As if to demonstrate, Republican Sen. Mitt Romney—the one guy who supposedly stands for something among the GOP—parroted the party line about Schumer being too hasty. “I think we’ll move quickly, but we’re not going to vote on something until we actually have a bill,” he told reporters at the end of last week.
Schumer has also set Wednesday as the deadline for agreement in the Democratic caucus on the budget blueprint that will form the basis of a larger $3.5 trillion budget reconciliation bill that includes the major economic priorities of Biden’s plan. He’s been intent on making the two tracks of this process—the regular order bipartisan bill and the budget reconciliation, which can pass with a simple majority—proceed side-by-side.
“Everyone has been having productive conversations and it’s important to keep the two-track process moving,” Schumer said Thursday when he announced the Wednesday deadlines. “All parties involved in the bipartisan infrastructure bill talks must now finalize their agreement so the Senate can begin considering that legislation next week.”
On Friday, however, a right-wing and reliably anti-immigration federal judge in Texas threw a wrench into the works, adding more complexity to what the Democrats need to do by declaring the Deferred Action for Childhood Arrivals (DACA) program illegal.

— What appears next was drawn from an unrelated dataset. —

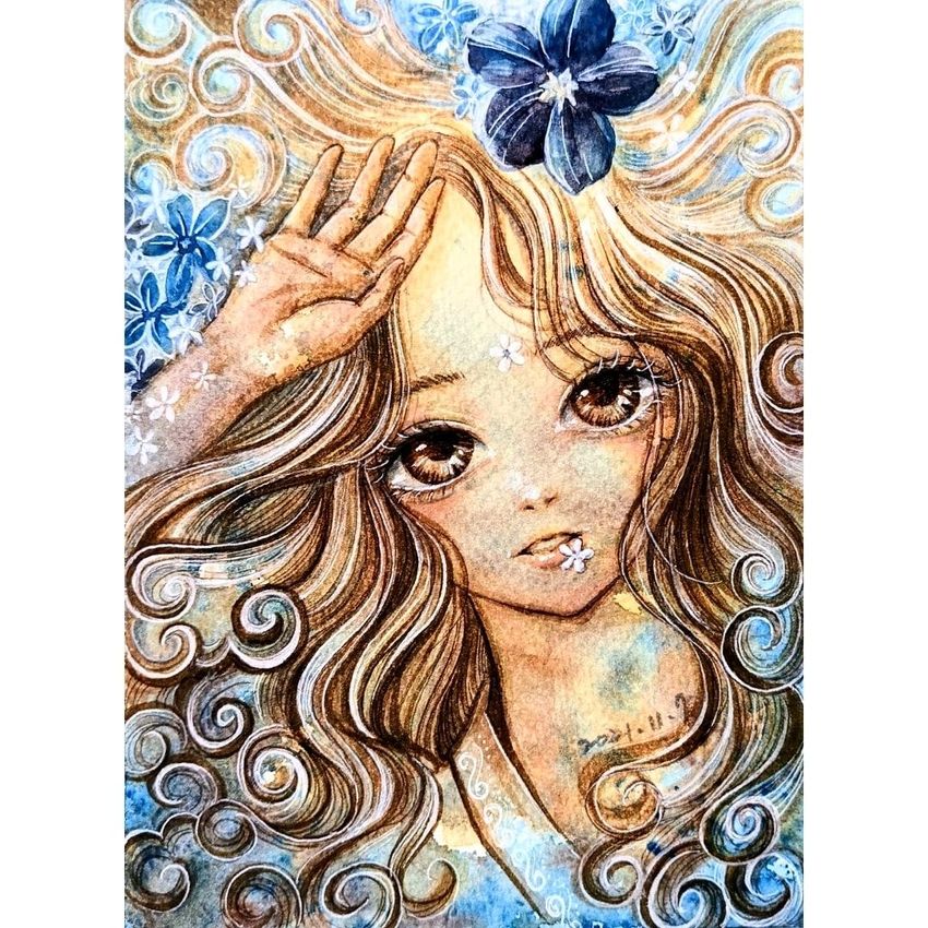 中國古代的吉祥圖案,象徵高升和如意,被廣泛裝飾在古代的建築、雕刻、服飾、器具及各種工藝品上。雲紋讓我覺得跟最近流行的木馬捲有點相似,所以就將此髮型與圖案融合😚#圖文 #圖文創作 #手繪 #插畫 #文創 #水彩

Which means that putting a path to citizenship for Dreamers and other immigrants into the reconciliation bill has become urgent and essential to make sure it’s done this year.
At least Democratic Sen. Joe Manchin seems to be okay with adding immigration into the mix. He still finds it “very, very disturbing” that the proposal deals with climate change, however.
But supporting a reconciliation bill that might hike taxes on the wealthy and invest in lessening our reliance on fossil fuels? “That’s a challenge,” Manchin said. It’s going to be a long, busy week.